• **Work request**:
In the material below, find the line with "디올 라지 북 토트백 그레이 에크루 트왈 드 주이 리버스 자수" and the line with "富山県民謡・越中おわら節に欠", then output those two lines and every line between them, exactly.

• **Exercise materials**:
== == ==

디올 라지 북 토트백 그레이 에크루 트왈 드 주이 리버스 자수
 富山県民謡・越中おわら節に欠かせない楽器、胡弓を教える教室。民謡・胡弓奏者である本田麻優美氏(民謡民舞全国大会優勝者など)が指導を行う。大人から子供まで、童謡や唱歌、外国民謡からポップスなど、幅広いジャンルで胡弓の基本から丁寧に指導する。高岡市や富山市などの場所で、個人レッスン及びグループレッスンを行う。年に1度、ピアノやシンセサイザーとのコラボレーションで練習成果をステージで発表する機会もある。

== == ==

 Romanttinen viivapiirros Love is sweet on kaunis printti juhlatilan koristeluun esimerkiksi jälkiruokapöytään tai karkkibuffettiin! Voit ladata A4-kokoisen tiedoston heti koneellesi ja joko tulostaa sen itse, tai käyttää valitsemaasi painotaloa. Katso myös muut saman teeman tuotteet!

== == ==

• **Response to the task**:
디올 라지 북 토트백 그레이 에크루 트왈 드 주이 리버스 자수
 富山県民謡・越中おわら節に欠かせない楽器、胡弓を教える教室。民謡・胡弓奏者である本田麻優美氏(民謡民舞全国大会優勝者など)が指導を行う。大人から子供まで、童謡や唱歌、外国民謡からポップスなど、幅広いジャンルで胡弓の基本から丁寧に指導する。高岡市や富山市などの場所で、個人レッスン及びグループレッスンを行う。年に1度、ピアノやシンセサイザーとのコラボレーションで練習成果をステージで発表する機会もある。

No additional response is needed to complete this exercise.